**Work to be completed**
Beneath this line are entries. Copy the range from the line with "Młody człowiek, wprowadzając" to the line with "Innenraum versehen mit", ends included, exactly; leave pictures out.

** Opening Data provided block **

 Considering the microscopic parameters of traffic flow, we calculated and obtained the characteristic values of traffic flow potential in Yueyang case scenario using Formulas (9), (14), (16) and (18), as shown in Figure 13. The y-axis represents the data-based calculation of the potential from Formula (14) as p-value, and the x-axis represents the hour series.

** Closing Data provided block **
** Opening Data provided block **

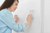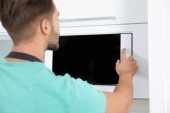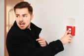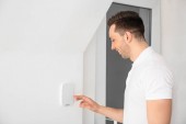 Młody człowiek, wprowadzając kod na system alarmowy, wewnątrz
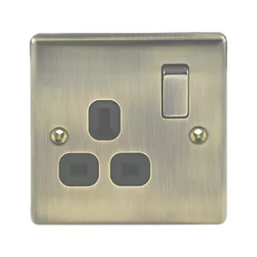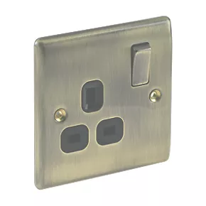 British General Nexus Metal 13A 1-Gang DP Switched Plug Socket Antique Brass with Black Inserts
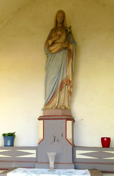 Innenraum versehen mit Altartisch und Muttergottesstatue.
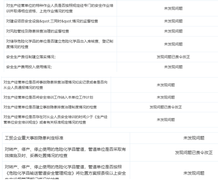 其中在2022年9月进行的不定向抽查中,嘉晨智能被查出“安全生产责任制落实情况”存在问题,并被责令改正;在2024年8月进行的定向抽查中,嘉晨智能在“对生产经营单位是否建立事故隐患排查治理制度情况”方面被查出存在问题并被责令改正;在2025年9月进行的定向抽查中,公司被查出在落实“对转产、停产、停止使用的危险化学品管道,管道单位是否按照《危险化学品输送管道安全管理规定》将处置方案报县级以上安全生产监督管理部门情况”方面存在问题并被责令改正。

** Closing Data provided block **
** Opening Data provided block **

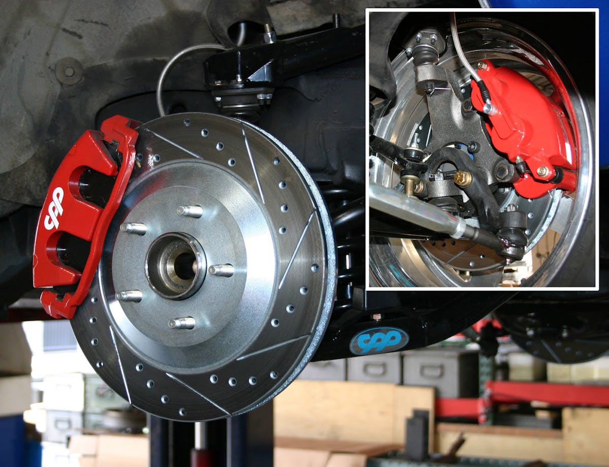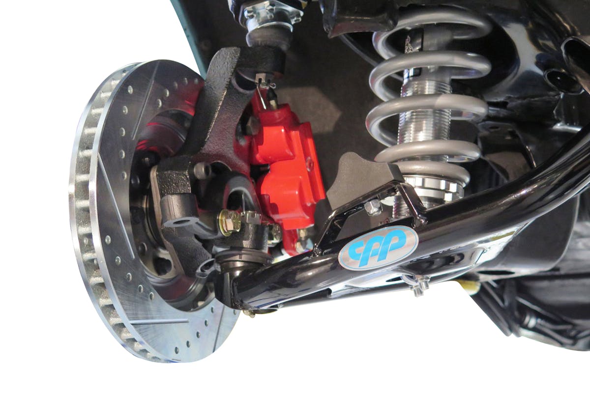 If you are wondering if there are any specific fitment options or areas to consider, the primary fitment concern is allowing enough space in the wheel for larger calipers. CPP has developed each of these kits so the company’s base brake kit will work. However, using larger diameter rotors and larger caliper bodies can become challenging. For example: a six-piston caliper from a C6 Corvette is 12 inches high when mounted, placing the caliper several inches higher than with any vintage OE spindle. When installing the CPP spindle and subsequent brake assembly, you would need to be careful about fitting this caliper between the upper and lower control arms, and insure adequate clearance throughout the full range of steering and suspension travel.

** Closing Data provided block **

**Finished task**
 Młody człowiek, wprowadzając kod na system alarmowy, wewnątrz
 British General Nexus Metal 13A 1-Gang DP Switched Plug Socket Antique Brass with Black Inserts
 Innenraum versehen mit Altartisch und Muttergottesstatue.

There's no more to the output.